# Exercise aim:
Under this line are the records; repeat exactly the lines starting at the one containing "- INFO-EN013 Astellar" and ending at the one containing "10月17日,中国短道速滑队队员公俐接受媒体采访。", omitting pictures.

# Provided records:
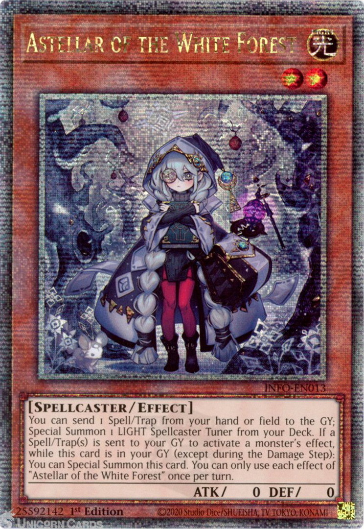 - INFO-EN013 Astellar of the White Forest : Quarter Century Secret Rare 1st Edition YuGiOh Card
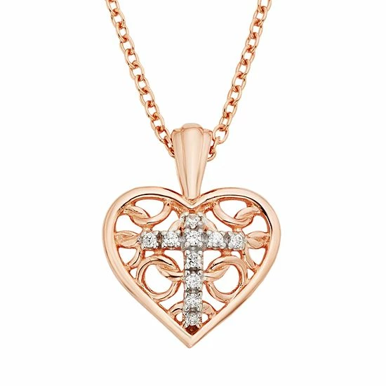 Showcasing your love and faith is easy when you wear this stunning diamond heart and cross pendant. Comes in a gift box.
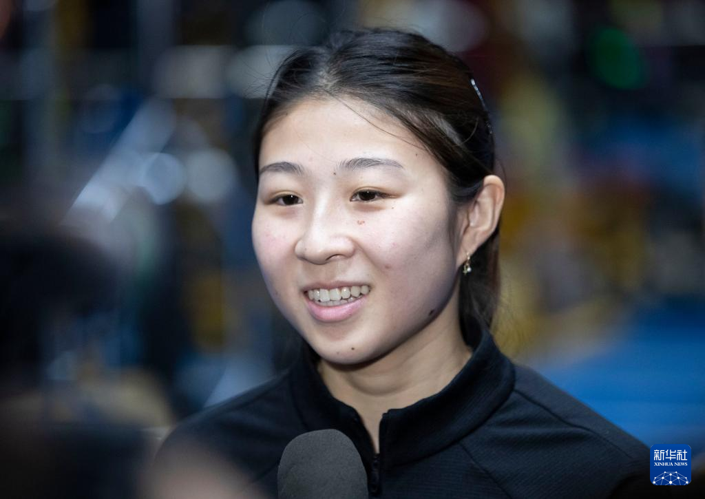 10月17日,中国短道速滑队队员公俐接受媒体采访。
---
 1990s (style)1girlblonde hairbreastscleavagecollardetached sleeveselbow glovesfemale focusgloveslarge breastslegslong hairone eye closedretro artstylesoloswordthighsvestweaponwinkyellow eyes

# Exercise solution:
 - INFO-EN013 Astellar of the White Forest : Quarter Century Secret Rare 1st Edition YuGiOh Card
 Showcasing your love and faith is easy when you wear this stunning diamond heart and cross pendant. Comes in a gift box.
 10月17日,中国短道速滑队队员公俐接受媒体采访。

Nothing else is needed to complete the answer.